There was a recent uproar on twitter due to a (now deleted) tweet by a data science interviewer which divided the python community - pandas.read_csv()
vs. the built-in csv
module.
It is perfectly fine in case you do not use the built-in csv
module and let me give you three solid reasons why you should use pandas.read_csv()
(without delving into feature-level comparison):
1. Fewer Lines of Code
Dataset - Download
For the above dataset, the simplest way of reading it using the csv
module is:
import csv
data = []
with open('ford_escort.csv', newline='') as f:
reader = csv.reader(f, skipinitialspace=True)
for row in reader:
data.append(row)
Now, let us access the same CSV file using pandas.read_csv()
.
import pandas
df = pandas.read_csv('ford_escort.csv', skipinitialspace=True)
According to the Zen of Python which lists the guiding principles for Python's design, Simple is better than complex and Flat is better than nested. This clearly resonates when we use pandas.read_csv()
as there are fewer lines of code (lower margin of error) and the interface is also not nested.
2. Automatic Type Detection
The csv
module treats the file like a plain-text and each datum is stored as a sequence of strings.
dtypes = [type(item) for item in data[1]]
print(dtypes)
Output:
[<class 'str'>, <class 'str'>, <class 'str'>]
Whereas, pandas.read_csv()
automatically detects the suitable type for each column.
print(df.dtypes)
Output:
Year int64
Mileage (thousands) int64
Price int64
dtype: object
It also supports easy type conversion of any column using the dtype
argument.
3. Columnar Datasets
CSV is one of the oldest and most widely used data serialisation format.
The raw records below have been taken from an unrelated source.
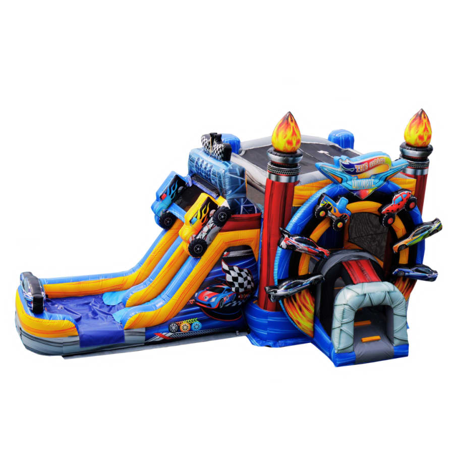 The Nitro Rush Combo Bounce House *DOUBLE LANE WET OR* in Atlanta, Decatur, South Fulton brings high-speed excitement to any outdoor event. Bold racing graphics, a roomy bounce area, and a fast dual-lane slide create nonstop action. This inflatable moves lines quickly and keeps kids engaged—perfect for competitive play and big crowds. 🎉💦
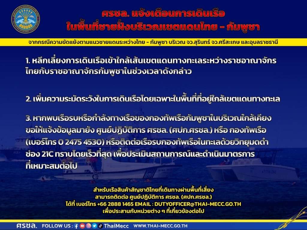 นอกจากนี้ ศูนย์อำนวยการรักษาผลประโยชน์ของชาติทางทะเล หรือ ศรชล. ยังได้ออกหนังสือถึงสมาคมการประมงและสมาคมเจ้าของเรือไทย เพื่อแจ้งเตือนและขอความร่วมมือด้วย
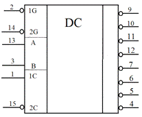 Мікросхема має два адресних входи «А» та «В». Вони служать для одночасного управління вихідними станами дешифраторів. У кожному дешифраторі є окремий стробуючий вхід «1G» та «2G».
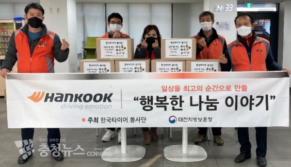 한국타이어 봉사단, 행복한 반찬 나눔 이야기 한국타이어 봉사단(회장 김홍렬)은 8일 대전시 대덕구 소재 보훈대상 독거노인 10여 가정을 방문하여 밑반찬을 전달하고 비대면으로 반찬을 전달해드리는 ‘행복한 반찬 나눔 이야기’ 봉사활동을 진행했다. 저작권자 © 충청뉴스 무단전재 및 재배포 금지 최형순 기자 다른기사 보기 기사가 마음에 드셨나요? 충청뉴스 좋은 기사 후원하기 1,000원 3,000원 5,000원 10,000원 30,000원 50,000원 직접입력 비회원 약관동의하기 ※ 소중한 후원금은 더 좋은 기사를 만드는데 쓰겠습니다.
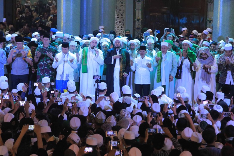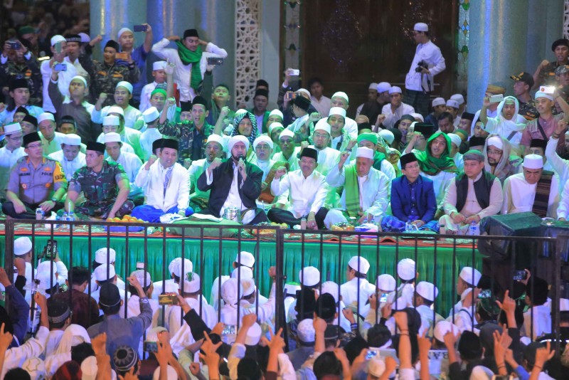 Puluhan ribu masyarakat sejak sore hari memadati kawasan Masjid Raya Al A'zhom untuk mengikuti kegiatan Tangerang Bershalawat 2019 dengan bintang tamu Habib Syech bin Abdul Qadir Assegaf.

At times it is used to store columnar data where one might need to access specific columns post reading.
To extract a column (for example Price
) from the above data
, we have to write a list comprehension:
price = [int(row[2]) for row in data[1:]]
print(price)
Output:
[9991, 9925, 10491, 10990, 9493, 9991, 10490, 9491, 9491, 9990, 9491, 9990, 9990, 9390, 9990, 9990, 9990, 8990, 7990, 5994, 5994, 5500, 11000]
Whereas pandas.read_csv()
returns a dataframe from which one can directly access any column using the [ ]
(slice) operator.
price = df["Price"].to_list()
print(price)
Output:
[9991, 9925, 10491, 10990, 9493, 9991, 10490, 9491, 9491, 9990, 9491, 9990, 9990, 9390, 9990, 9990, 9990, 8990, 7990, 5994, 5994, 5500, 11000]
This flexibility of accessing data in any direction, surely makes pandas.read_csv()
better suited for real world applications.